WHAT YOU ARE ASKED TO DO -> Transcription task. Write out each entry verbatim and exclude any image.

------ PROVIDED INFORMATION ------

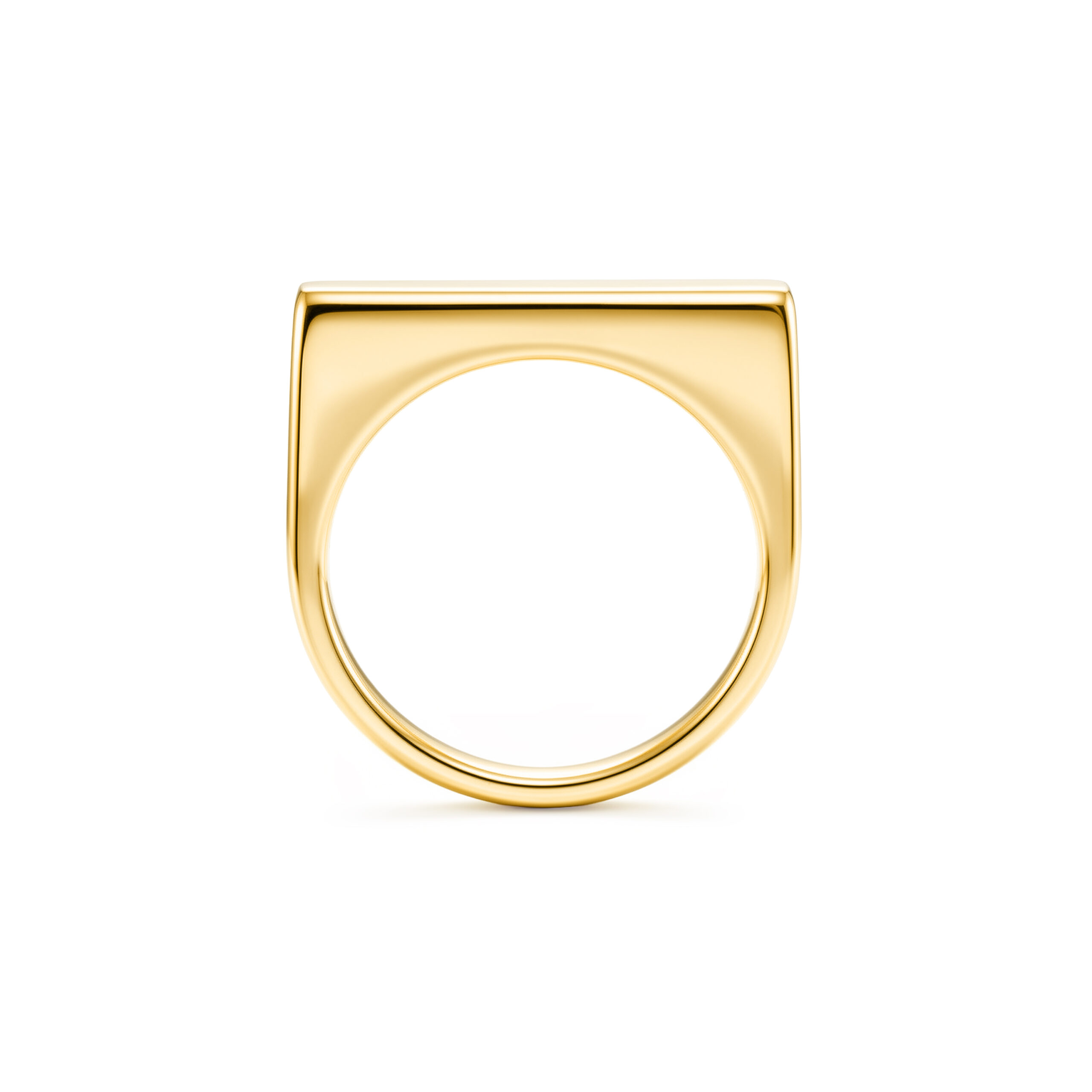 Acest inel modern din aur de 14K se remarcă prin liniile sale drepte și silueta geometrică distinctă, oferind un look arhitectural și
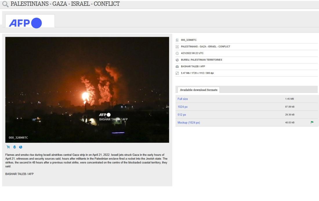 فالصورة وزّعتها وكالة فرانس برس في 21 نيسان/أبريل 2022، وهي تظهر تصاعد النار والدخان إثر غارات جويّة إسرائيليّة على قطاع غزّة بعد ساعات على إطلاق صاروخ من القطاع باتجاه المناطق الإسرائيلية.
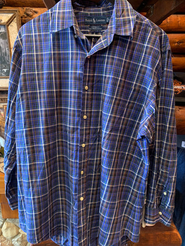 Vintage Ralph Lauren Blue Purple Green Plaid, Large
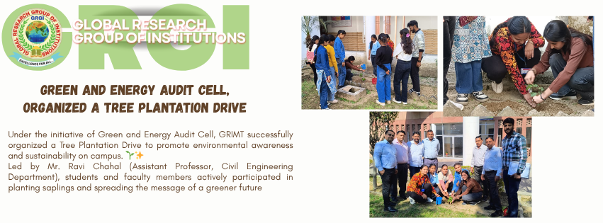 Under the initiative of Green and Energy Audit Cell, GRIMT successfully organized a Tree Plantation Drive to promote environmental awareness and sustainability on campus. 🌱✨
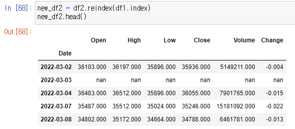 df1의 인덱스를 기준으로 new_df2을 reindex함수를 이용해서 생성하기
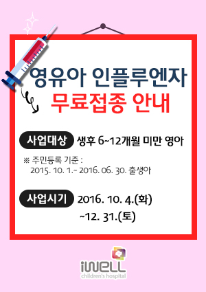 영유아 인플루엔자 무료접종 안내 페이지 정보 작성자 관리자 작성일16-09-28 15:27 조회20,531회 관련링크 이전글 다음글 목록 본문 영유아 인플루엔자 무료접종 안내 이전글 다음글 목록
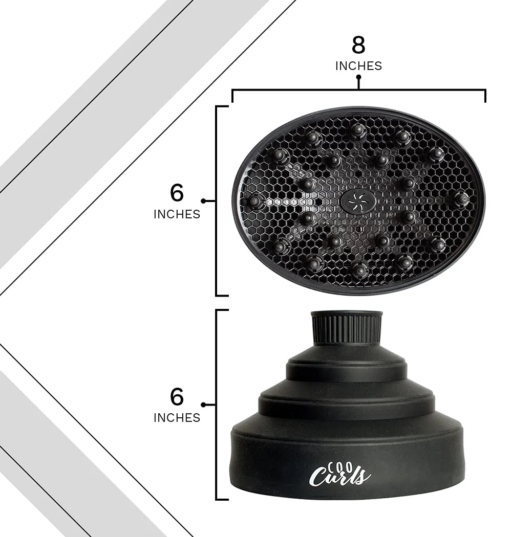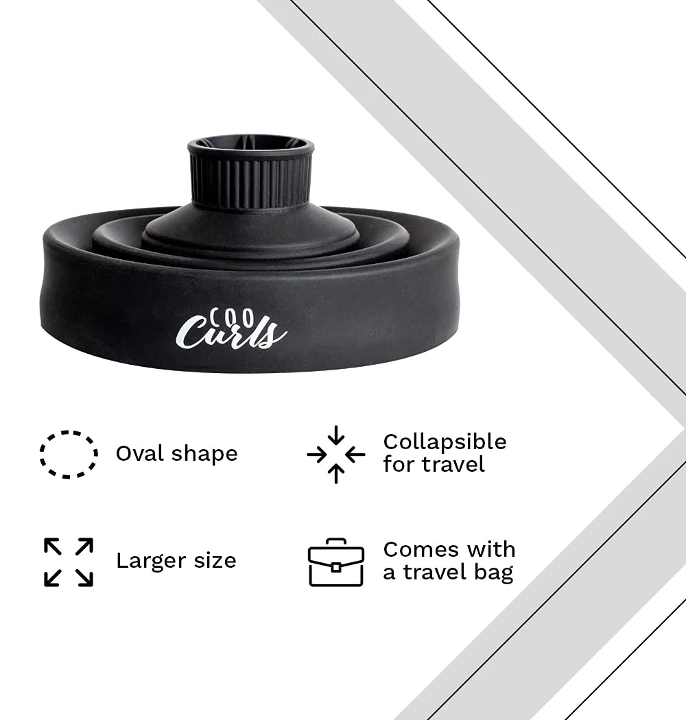 FOR GORGEOUS CURLS: The oval shape of our collapsible diffuser hair dryer attachment helps give a better curl formation in less time.
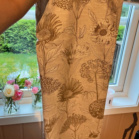 Brukt i kun 3 måneder i sommer. Små merker fra hengesystemet, men de er ikke synlige når gardinene henger oppe. Ikke forsøkt vasket. Selges sammen med hengeringer .Selges fordi stilen i rommet er endret.
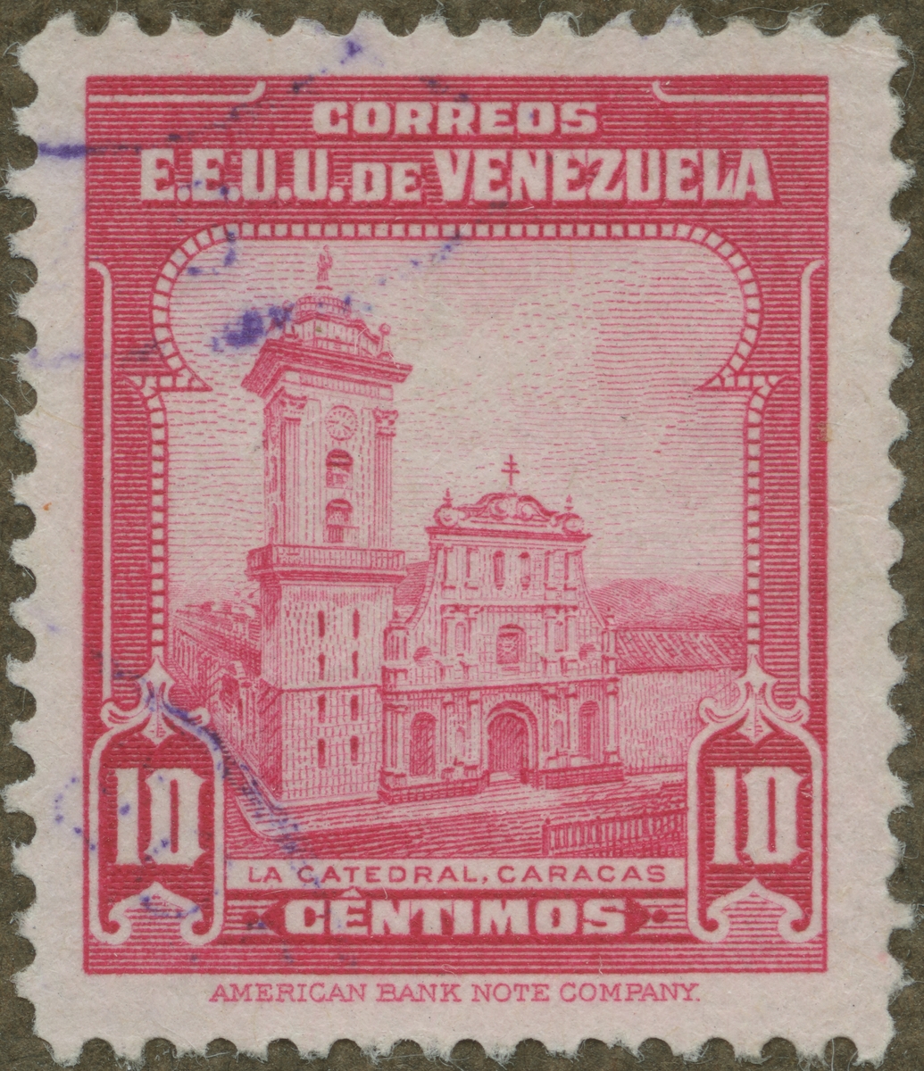 Frimärke från Venezuela, 1943 Motiv av katedralen i Caracas.

------

OUTPUT ->
 Acest inel modern din aur de 14K se remarcă prin liniile sale drepte și silueta geometrică distinctă, oferind un look arhitectural și
 فالصورة وزّعتها وكالة فرانس برس في 21 نيسان/أبريل 2022، وهي تظهر تصاعد النار والدخان إثر غارات جويّة إسرائيليّة على قطاع غزّة بعد ساعات على إطلاق صاروخ من القطاع باتجاه المناطق الإسرائيلية.
 Vintage Ralph Lauren Blue Purple Green Plaid, Large
 Under the initiative of Green and Energy Audit Cell, GRIMT successfully organized a Tree Plantation Drive to promote environmental awareness and sustainability on campus. 🌱✨
 df1의 인덱스를 기준으로 new_df2을 reindex함수를 이용해서 생성하기
 영유아 인플루엔자 무료접종 안내 페이지 정보 작성자 관리자 작성일16-09-28 15:27 조회20,531회 관련링크 이전글 다음글 목록 본문 영유아 인플루엔자 무료접종 안내 이전글 다음글 목록
 FOR GORGEOUS CURLS: The oval shape of our collapsible diffuser hair dryer attachment helps give a better curl formation in less time.
 Brukt i kun 3 måneder i sommer. Små merker fra hengesystemet, men de er ikke synlige når gardinene henger oppe. Ikke forsøkt vasket. Selges sammen med hengeringer .Selges fordi stilen i rommet er endret.
 Frimärke från Venezuela, 1943 Motiv av katedralen i Caracas.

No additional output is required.